The data:
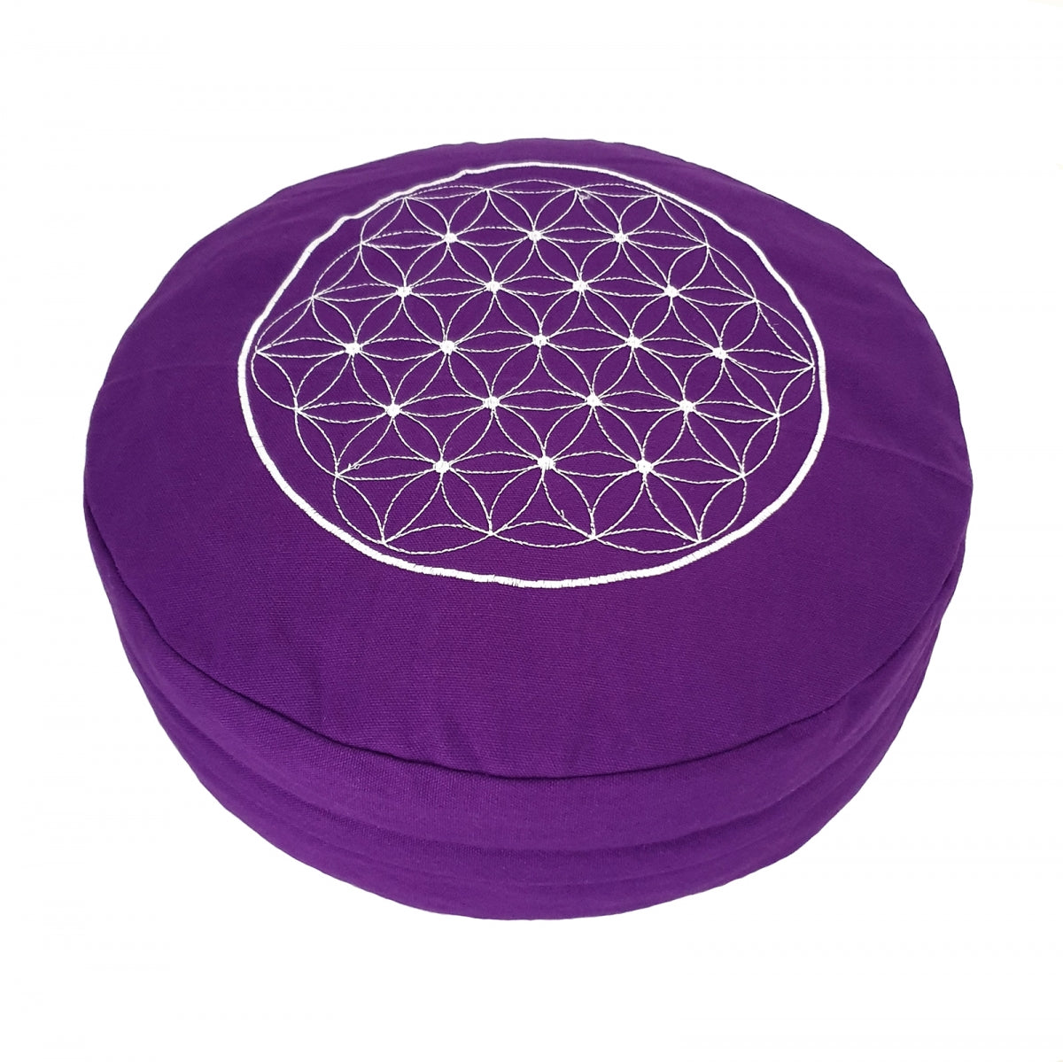 TEACHER PACK of 8 | Buckwheat Round Meditation Zafu Cushions | Embroidered Flower of Life Pattern | 2nd Ed
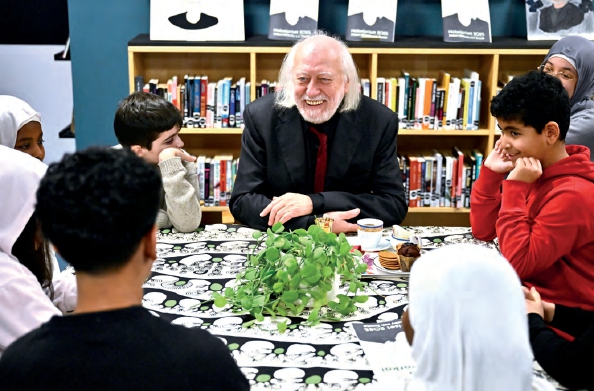 2025年12月12日,2025年诺贝尔文学奖得主、匈牙利作家克劳斯瑙霍尔考伊·拉斯洛访问林克比图书馆,与阅读其作品的孩子们会面。
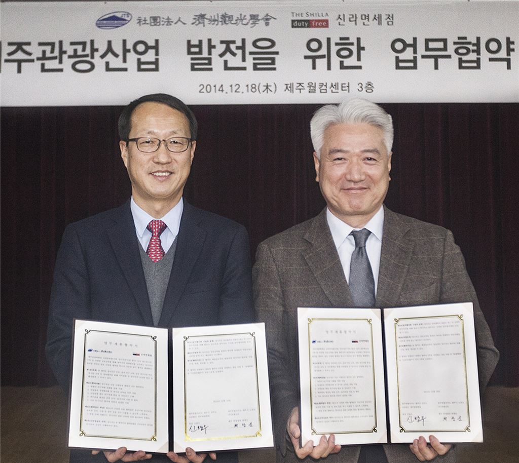 제주관광학회와 호텔신라는 이달 18일 제주시 연동 제주웰컴센터에서 제주관광산업 발전을 위한 업무협약을 체결한 후 기념촬영을 하고 있다. 호텔신라 최광순 제주신라면세점장(왼쪽), 제주관광학회 신왕우 학회장<br /> <br />
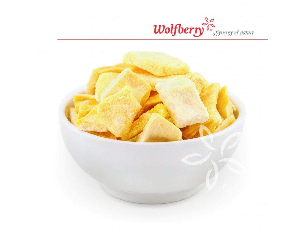 Mango je bohatým zdrojem betakarotenu, vitamínu C a vitaminu A. Jedinečný postup zpracování lyofilizací zachovává ovoci jeho plnohodnotnou chuť, barvu i aroma. Sušené ovoce tím nepřichází o své vitamíny, minerály a další živiny obsažené v čerstvém ovoci. Lyofilizace je proces vysušení a odstranění vody ze suroviny za extrémně nízké teploty a tlaku. Výsledkem je surovina, která je vzhledově velmi podobná té čerstvé, avšak má mnohem nižší hmotnost a dokonale křupavou konzistenci. Z nutričního hlediska je mango zajímavé vysokým obsahem draslíku, vitamínu E a některými vitamíny skupiny B, konkrétně B1, B2, B6 a niacin. Mrazem sušené ovoce je snadno skladovatelné, trvanlivé a lze jej částečně rehydratovat pomocí vody do téměř původního stavu. Pokud si u sušeného manga všimnete bílých skvrnek, nic se neděje. Jde o to, že ovoce často zcukernatí a to se projeví právě takto.

Instructions to follow:
From the data above, return only the lines starting at the line that holds "2025年12月12日,20" and ending at the line that holds "제주관광학회와 호텔신라는 이달", word for word and without pictures.

Output for this task:
 2025年12月12日,2025年诺贝尔文学奖得主、匈牙利作家克劳斯瑙霍尔考伊·拉斯洛访问林克比图书馆,与阅读其作品的孩子们会面。
 제주관광학회와 호텔신라는 이달 18일 제주시 연동 제주웰컴센터에서 제주관광산업 발전을 위한 업무협약을 체결한 후 기념촬영을 하고 있다. 호텔신라 최광순 제주신라면세점장(왼쪽), 제주관광학회 신왕우 학회장<br /> <br />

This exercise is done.